:: Problem to solve ::
Skipping all images, output the listing word for word.

:: Recorded data ::
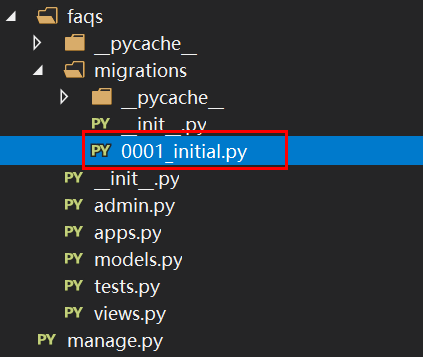 执行之后会在应用的migrations文件下看到生成的0001_initial.py文件
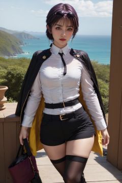 1girl, solo, long hair, breasts, looking at viewer, bangs, shirt, black hair, thighhighs, brown eyes, medium breasts, jacket, white shirt, braid, short sleeves, cowboy shot, outdoors, parted lips, shorts, collared shirt, belt, black thighhighs, blurry, arm up, lips, short shorts, blurry background, black shorts, sunglasses, eyewear on head, jacket on shoulders, shirt tucked in, kafka
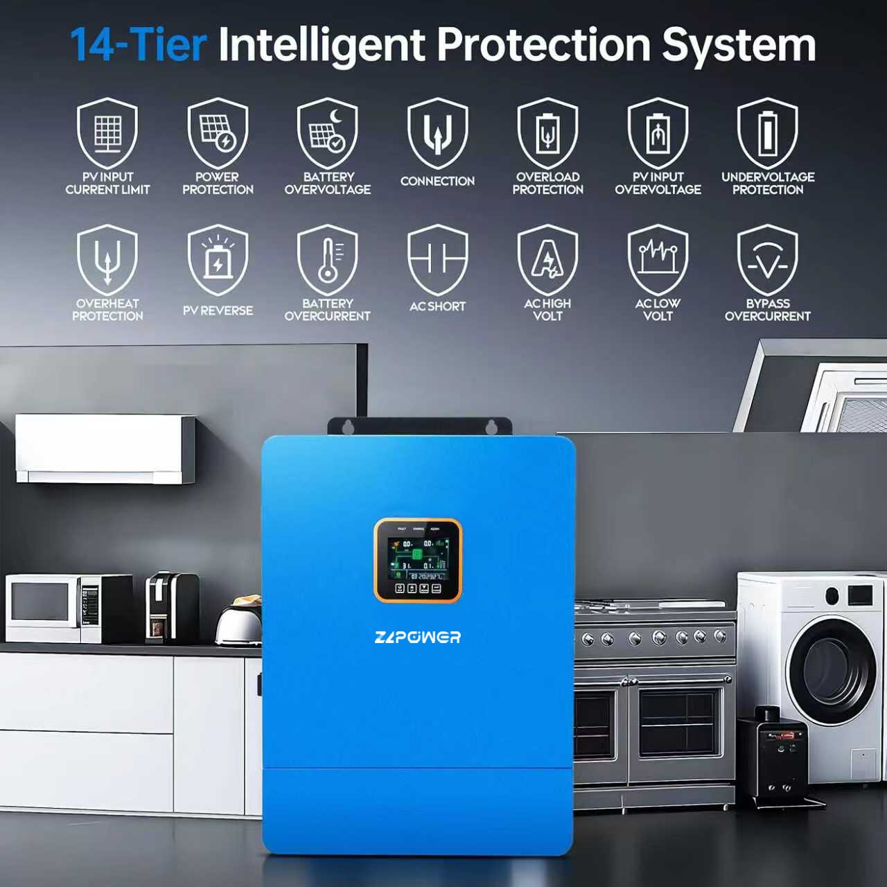 The GS 8kw-12kw 48VDC to 220VAC hybrid solar inverter from ZLPOWER is made for both inductive and resistive loads. This lets such models manage lights and air conditioners well.

:: Result for this exercise ::
 执行之后会在应用的migrations文件下看到生成的0001_initial.py文件
 1girl, solo, long hair, breasts, looking at viewer, bangs, shirt, black hair, thighhighs, brown eyes, medium breasts, jacket, white shirt, braid, short sleeves, cowboy shot, outdoors, parted lips, shorts, collared shirt, belt, black thighhighs, blurry, arm up, lips, short shorts, blurry background, black shorts, sunglasses, eyewear on head, jacket on shoulders, shirt tucked in, kafka
 The GS 8kw-12kw 48VDC to 220VAC hybrid solar inverter from ZLPOWER is made for both inductive and resistive loads. This lets such models manage lights and air conditioners well.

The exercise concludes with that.